S+ Arrayanalyzer is a commercial product that allows statistical analysis of microarray data. In the way of analysis, S+ Arrayanalyzer can perform two sample and paired t-test, one way and two way ANOVA, Wilcoxon text, hierarchical clustering, k-means clustering, pam clustering, as well as others. It is integrated with S-PLUS which allows extensions to be written in the S programming language.
Acuity supports Oracle and Microsoft SQL Server as data repositories. Data can be in the form of Affymetrix CEL, CHP, CDF and DAT files.

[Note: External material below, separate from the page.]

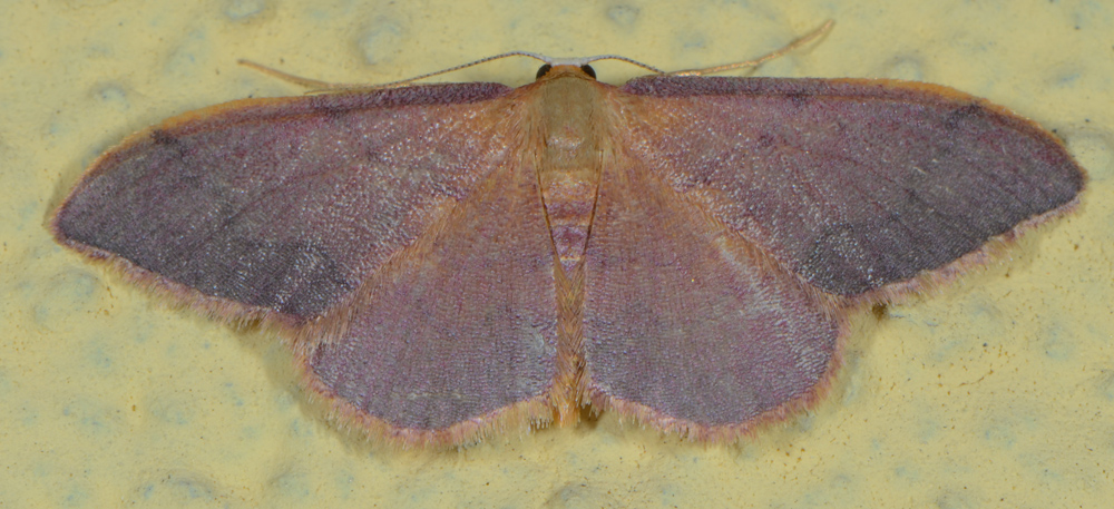 Un piccolo Geometridae (15-20 mm di apertura alare) di un insolito colore rosa-lilla che non riesco a trovare in nessuna specie. Probabilmente la colorazione non è una costante della specie e mi ha solo tratto in inganno. Può essere una colorazione insolita di Idaea ochrata (Scopoli, 1763)?

Analysis support includes ANOVA, PCA, Hierarchical clustering, SOMs, K-means, K-median, gap staticstic, gene shaving, and more.
AMIADA (Analyzing MIcroArray Data) is a expression analysis packaged with an MS EXCEL-like user interface. The software performs data transformations, PCA, as well as various clustering techniques (specifics not listed in the documentation).
ArrayStat is a statistically-based software package aimed at microarray data analysis. Performs measures such as standard error, p-values, confidence intervals and others. The software also has the ability to perform outlier detection and power analysis for false negatives.
Data input can be from multiple formats such as CEL/CDF datasets as well as the output of several different scanners. Analyzing capabililites include various statistics (t-test, Mann Whitney test, 2-way ANOVA, etc), PCA, clustering (K-means, hierarchical, eigenValue, SOM, Random Walk, PCA w/ distance functions of Euclidean, Square Euclidean, Manhattan, etc) and Classification and prediction (Support Vector Machines, Decision Trees, Neural Networks, and Naive Bayesian). Avaidis is a commercial product w/ 3 versions available.
Engene includes various filter and normalization capabilites and can handle missing data. Clustering/analysis algorithms include k-means, HAC, fuzzy c-means, kernel c-means, SOMs, PCA, and others.
BioSieve allows the user to import tab-delimited data and Affymetrix data formats. The software has support for multiple similarity measures such as Euclid, Chebyshev, StreetBlock, Minkowski and various Pearson measures. Clustering algorithms included in BioSieve are Hirearchical, K-means, PCA, SOM, SVM, profile search, and Min Cover. Various visualizations are available based on these clusterings. A lite version is available freely for download.
GeneLinker comes in two versions - gold and platinum. Statistical analysis possibilities include f-test ANOVA, Kruskal-Wallis non-parametric ANOVA. Partitional clustering algorithms available include SOMs, K-means and Jarvis-Patrick. Hierarchical clustering and PCA are also implemented. Distance/similarity measures include Euclidean, Euclidean Squared, Manhattan, Pearson Correlation, Pearson Squared and Spearman Rank Correlation. GeneLinker can use MySQL, IBM DB2, or Oracle 9i as a backend. The Platinum version includes all the capabilities of the Gold version plus the following. GeneLinker Platinum implements IBIS (Integrated Bayesian Inference System), SLAM (Sub-Linear Association Mining), Committee of Neural Networks, and Support Vector Machines (see web page for more detail on these advanced functions).
Genesis is implemented in JAVA and read/writes tab-delimited flat files. Clustering of data can be performed with k-means, SOM, PCA, correspondence analysis using various distance measures. One-way ANOVA is available for detecting differentially expressed genes. SVMs are also supported. Genesis looks to be freely available for download. A client/server architected version is also available.
J-Express is a JAVA-based software package. Clustering support includes PCA, SOM, MDS, etc.